When pthreads is transitively linked (the program links against a shared object which links against pthreads, but the program does not link against pthreads directly) pthread_mutex_unlock fails when the lock is acquired with pthread_mutex_trylock. Source code for a tiny demonstration is at http://graphics.stanford.edu/~eldridge/pthread_bug.tar The build looks like gcc -g -Wall -shared -o libtinylib.so tinylib.c -lpthread gcc -g -Wall -o program program.c -L. -Wl,-rpath,. -ltinylib gcc -g -Wall -o program2 program.c -L. -Wl,-rpath,. -ltinylib -lpthread > ./program After pthread_mutex_init mutex->__m_lock.__status=0 After pthread_mutex_trylock mutex->__m_lock.__status=1 After pthread_mutex_unlock mutex->__m_lock.__status=1 > ./program2 After pthread_mutex_init mutex->__m_lock.__status=0 After pthread_mutex_trylock mutex->__m_lock.__status=1 After pthread_mutex_unlock mutex->__m_lock.__status=0 In the first case pthread_mutex_unlock() fails to actually release the lock. I think this may be related to bug 17145, although my version of glibc (2.1.94-3) includes the patches from that bug. Thanks, -Matthew
The bug exhibits the "doesn't release the lock" behavior when acquired as while (pthread_mutex_trylock( sl ) == EBUSY) ; /* EMPTY */ but instead acts as "doesn't acquire the lock" (never modifies any of elements of the lock structure) when acquired as pthread_mutex_lock( &mutex ); I've updated the sample code.
Strange, cannot reproduce this: $ make; ./program; ./program2; ldd ./program; ldd ./program2; rpm -q glibc; rpm -q --qf '%{ARCH}\n' glibc gcc -g -Wall -shared -o libtinylib.so tinylib.c -lpthread tinylib.c: In function `tiny_function': tinylib.c:29: warning: implicit declaration of function `memset' gcc -g -Wall -o program program.c -L. -Wl,-rpath,. -ltinylib gcc -g -Wall -o program2 program.c -L. -Wl,-rpath,. -ltinylib -lpthread After pthread_mutex_init mutex->__m_lock.__status=0 After pthread_mutex_trylock mutex->__m_lock.__status=1 After pthread_mutex_unlock mutex->__m_lock.__status=0 After pthread_mutex_init mutex->__m_lock.__status=0 After pthread_mutex_trylock mutex->__m_lock.__status=1 After pthread_mutex_unlock mutex->__m_lock.__status=0 libtinylib.so => ./libtinylib.so (0x40018000) libc.so.6 => /lib/libc.so.6 (0x40023000) libpthread.so.0 => /lib/libpthread.so.0 (0x40149000) /lib/ld-linux.so.2 => /lib/ld-linux.so.2 (0x40000000) libtinylib.so => ./libtinylib.so (0x40018000) libpthread.so.0 => /lib/libpthread.so.0 (0x40023000) libc.so.6 => /lib/libc.so.6 (0x40039000) /lib/ld-linux.so.2 => /lib/ld-linux.so.2 (0x40000000) glibc-2.1.94-3 i686 Are you using the i686 or i386 rpm (wonder whether I should install it and check again)?

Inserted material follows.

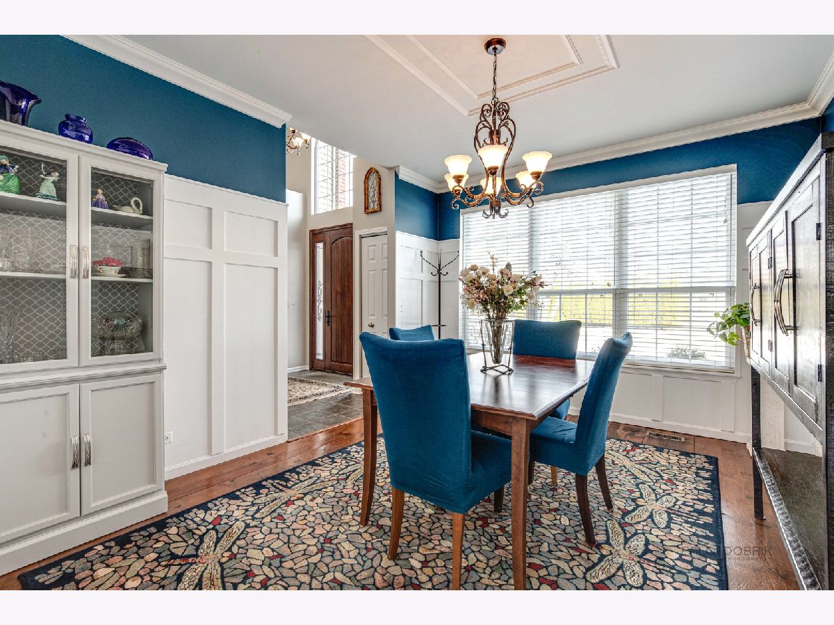 ***Multiple Offers Received. Highest and Best Due by Sunday 2/26 at 5pm.*** Nestled on an interior lot in Regency Woods, this Colonial home boasts an exterior blended with brick and aluminum that creates a timeless look. Exuding elegance and charm this home offers details you are sure to love, from the detailed millwork, panel moldings, luxurious slate tiles, and beautiful hardwood flooring. You will enjoy the benefits of the new High Efficiency Furnace and A/C both installed in 2021. A new Sump Pump (With battery backup) and Ejector pumps were also replaced in 2021. (See the attached list for more updates). Head inside through the stunning 8' front door, where you are greeted by an inviting two-story foyer flanked by a first-floor office (previously the living room) and a separate dining room, setting the stage for a versatile floorplan that will cater to all your entertaining needs. Next, head to the kitchen where the chef of the house will be in their element; imagine whipping up nightly meals here, featuring a plethora of refreshed 42" custom cabinets with crown uppers, granite countertops, and a center island Jenn-Air Cooktop. (With Accessories.) You'll enjoy quality stainless-steel appliances that include a KitchenAid double oven, KitchenAid microwave, a Samsung refrigerator, and a Samsung dishwasher. The excellent kitchen layout includes a separate breakfast/eating area offering the perfect place to grab a quick bite to eat, or a place to sit and sip on your morning coffee while you appreciate the views of the fenced in yard. Conversations will flow effortlessly from room to room with the completely open floor plan. Check out that showstopping two-story floor-to-ceiling fireplace - WOW! With a wall of windows providing fabulous natural light and the gas fireplace both adding warmth to the home, you are sure to have the perfect ambiance for relaxing after a long day. Completing the main level is a large half bath and a first-floor laundry room. Ready to call it a night? Retreat upstairs to the expansive main bedroom which offers a vaulted ceiling, a large walk-in closet with custom organizers, and a private bath featuring a dual sink vanity, a soaking tub, and a separate shower. Three additional spacious bedrooms and a full bath complete the second level and ensure there is a space for everyone to call their own. Adding even more living space is the large rec room in the basement - with this space offering endless possibilities to use as a media room, a family hang-out space, or a space to set up a home gym. Storage, storage, storage! Whether hosting a family movie night, a formal dinner party, or just a summer BBQ out on the brick paver patio in the fenced yard, this home has it all. 2 car-attached garage. Award-winning Libertyville High School and Top-rated Oak Grove Elementary. Close proximity to endless shopping, restaurants, and more. Sure to check all your boxes - don't let this one slip away!

So here's the story -- Matthew and I are installing these machines automatically over a network (it's a cluster), and for some reason whoever created the directory full of "stuff to install after RH7.0" (i.e., the released updates) put both the i386 and the i686 versions of glibc-2.1.94 in that directory. They conflicted (duh), so RPM installed neither, and we were (stupidly) running the older 2.1.92 version of glibc. I haven't personally witnessed the new installation process, so I don't know whether or not we should have seen the conflicts or not, but the machines were behind on their libc. I manually upgraded one of our machines to the newer version of glibc, and the tiny demo now runs fine (as does *our* software, which was what we really cared about). Sorry for the confusion. Very strange bug (took a whole day to track down).
Then it is a up2date bug (actually the rhns server bug I think), and I was told it is being worked on.